• Exercise instructions
What you return must be an exact copy of the lines in the listing below between the line holding "地委副书记、行署专员艾则孜·" and the line holding "积极投入咖啡和快闪店布局的李", inclusive, and nothing more.

──────── Material for this exercise

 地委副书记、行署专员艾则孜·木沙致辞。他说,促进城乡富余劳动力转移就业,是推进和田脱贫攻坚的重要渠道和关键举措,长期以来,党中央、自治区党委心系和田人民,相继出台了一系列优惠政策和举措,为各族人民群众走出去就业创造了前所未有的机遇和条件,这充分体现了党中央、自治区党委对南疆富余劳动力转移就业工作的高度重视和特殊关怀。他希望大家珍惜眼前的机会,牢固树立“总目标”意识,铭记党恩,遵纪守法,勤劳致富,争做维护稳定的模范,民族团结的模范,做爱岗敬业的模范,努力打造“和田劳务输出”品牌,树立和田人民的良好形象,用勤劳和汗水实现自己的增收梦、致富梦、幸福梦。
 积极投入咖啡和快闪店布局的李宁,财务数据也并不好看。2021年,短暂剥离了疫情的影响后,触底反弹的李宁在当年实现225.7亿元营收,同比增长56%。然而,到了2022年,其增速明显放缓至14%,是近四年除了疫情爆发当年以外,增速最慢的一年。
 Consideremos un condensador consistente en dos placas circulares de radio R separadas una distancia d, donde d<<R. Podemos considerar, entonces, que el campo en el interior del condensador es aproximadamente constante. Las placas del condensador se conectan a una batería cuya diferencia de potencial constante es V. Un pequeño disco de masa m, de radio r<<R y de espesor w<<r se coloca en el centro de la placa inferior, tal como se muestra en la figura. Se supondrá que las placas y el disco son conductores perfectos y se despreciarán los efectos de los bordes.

────────────────
──────── Material for this exercise

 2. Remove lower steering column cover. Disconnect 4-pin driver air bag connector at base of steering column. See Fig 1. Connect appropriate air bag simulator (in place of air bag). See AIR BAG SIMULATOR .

────────────────

• Result of the task
 地委副书记、行署专员艾则孜·木沙致辞。他说,促进城乡富余劳动力转移就业,是推进和田脱贫攻坚的重要渠道和关键举措,长期以来,党中央、自治区党委心系和田人民,相继出台了一系列优惠政策和举措,为各族人民群众走出去就业创造了前所未有的机遇和条件,这充分体现了党中央、自治区党委对南疆富余劳动力转移就业工作的高度重视和特殊关怀。他希望大家珍惜眼前的机会,牢固树立“总目标”意识,铭记党恩,遵纪守法,勤劳致富,争做维护稳定的模范,民族团结的模范,做爱岗敬业的模范,努力打造“和田劳务输出”品牌,树立和田人民的良好形象,用勤劳和汗水实现自己的增收梦、致富梦、幸福梦。
 积极投入咖啡和快闪店布局的李宁,财务数据也并不好看。2021年,短暂剥离了疫情的影响后,触底反弹的李宁在当年实现225.7亿元营收,同比增长56%。然而,到了2022年,其增速明显放缓至14%,是近四年除了疫情爆发当年以外,增速最慢的一年。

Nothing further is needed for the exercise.